Exercise:
All that should be output is the block of lines below from the line with "In 2008, construction" to the line with "스브스가 주의조치 받은거랑", both included, exactly as written.

Material to process:

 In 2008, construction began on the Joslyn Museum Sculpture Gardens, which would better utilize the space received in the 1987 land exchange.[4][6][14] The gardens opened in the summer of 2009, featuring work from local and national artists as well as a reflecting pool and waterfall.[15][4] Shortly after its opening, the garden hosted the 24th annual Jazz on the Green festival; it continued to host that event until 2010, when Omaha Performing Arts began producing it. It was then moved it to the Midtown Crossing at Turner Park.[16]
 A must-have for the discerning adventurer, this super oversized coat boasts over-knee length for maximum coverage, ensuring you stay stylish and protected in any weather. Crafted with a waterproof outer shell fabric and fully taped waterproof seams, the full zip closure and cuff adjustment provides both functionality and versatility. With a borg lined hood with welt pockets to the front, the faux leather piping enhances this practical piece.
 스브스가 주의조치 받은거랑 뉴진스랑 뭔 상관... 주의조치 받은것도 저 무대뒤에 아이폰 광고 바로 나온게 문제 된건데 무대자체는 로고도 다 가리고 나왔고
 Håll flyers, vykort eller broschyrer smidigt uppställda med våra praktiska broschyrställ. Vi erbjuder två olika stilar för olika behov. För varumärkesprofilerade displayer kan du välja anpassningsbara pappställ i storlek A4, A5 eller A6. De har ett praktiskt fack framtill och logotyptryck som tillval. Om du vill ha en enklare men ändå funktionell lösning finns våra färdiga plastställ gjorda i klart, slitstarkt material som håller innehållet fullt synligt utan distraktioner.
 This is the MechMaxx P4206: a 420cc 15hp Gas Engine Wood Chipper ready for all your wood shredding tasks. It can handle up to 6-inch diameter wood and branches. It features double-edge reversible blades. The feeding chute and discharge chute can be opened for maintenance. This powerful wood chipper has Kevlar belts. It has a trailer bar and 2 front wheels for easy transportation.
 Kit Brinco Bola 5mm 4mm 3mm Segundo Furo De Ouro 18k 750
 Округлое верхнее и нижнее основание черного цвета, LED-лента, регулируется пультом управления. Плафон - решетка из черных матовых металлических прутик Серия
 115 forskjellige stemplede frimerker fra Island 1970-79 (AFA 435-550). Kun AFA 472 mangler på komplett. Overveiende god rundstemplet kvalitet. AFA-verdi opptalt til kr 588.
* * *
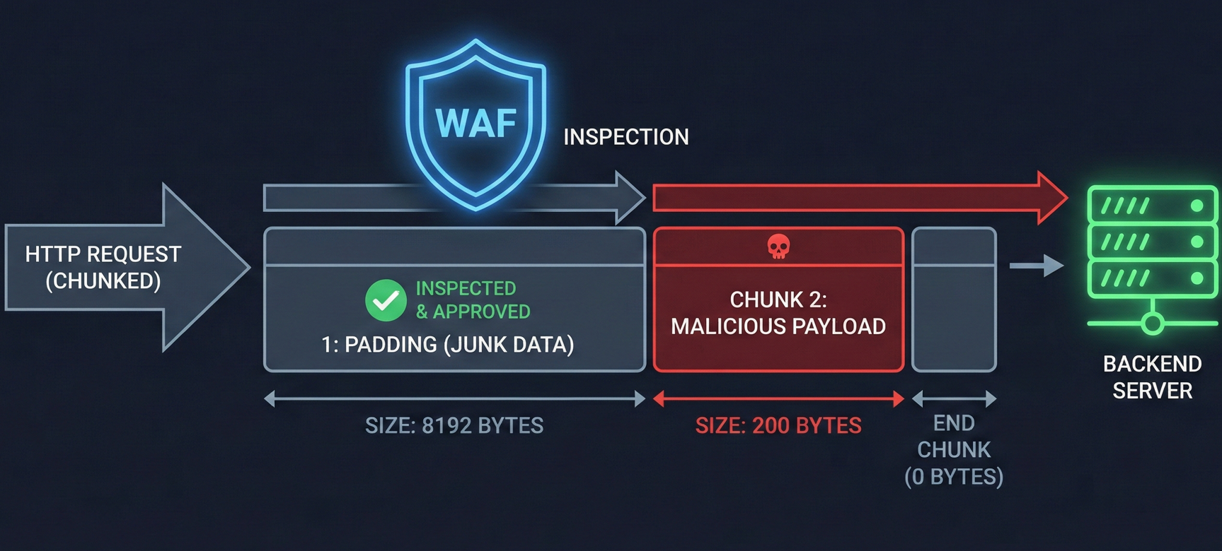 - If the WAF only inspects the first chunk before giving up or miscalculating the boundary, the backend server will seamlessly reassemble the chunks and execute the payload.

Exercise result:
 In 2008, construction began on the Joslyn Museum Sculpture Gardens, which would better utilize the space received in the 1987 land exchange.[4][6][14] The gardens opened in the summer of 2009, featuring work from local and national artists as well as a reflecting pool and waterfall.[15][4] Shortly after its opening, the garden hosted the 24th annual Jazz on the Green festival; it continued to host that event until 2010, when Omaha Performing Arts began producing it. It was then moved it to the Midtown Crossing at Turner Park.[16]
 A must-have for the discerning adventurer, this super oversized coat boasts over-knee length for maximum coverage, ensuring you stay stylish and protected in any weather. Crafted with a waterproof outer shell fabric and fully taped waterproof seams, the full zip closure and cuff adjustment provides both functionality and versatility. With a borg lined hood with welt pockets to the front, the faux leather piping enhances this practical piece.
 스브스가 주의조치 받은거랑 뉴진스랑 뭔 상관... 주의조치 받은것도 저 무대뒤에 아이폰 광고 바로 나온게 문제 된건데 무대자체는 로고도 다 가리고 나왔고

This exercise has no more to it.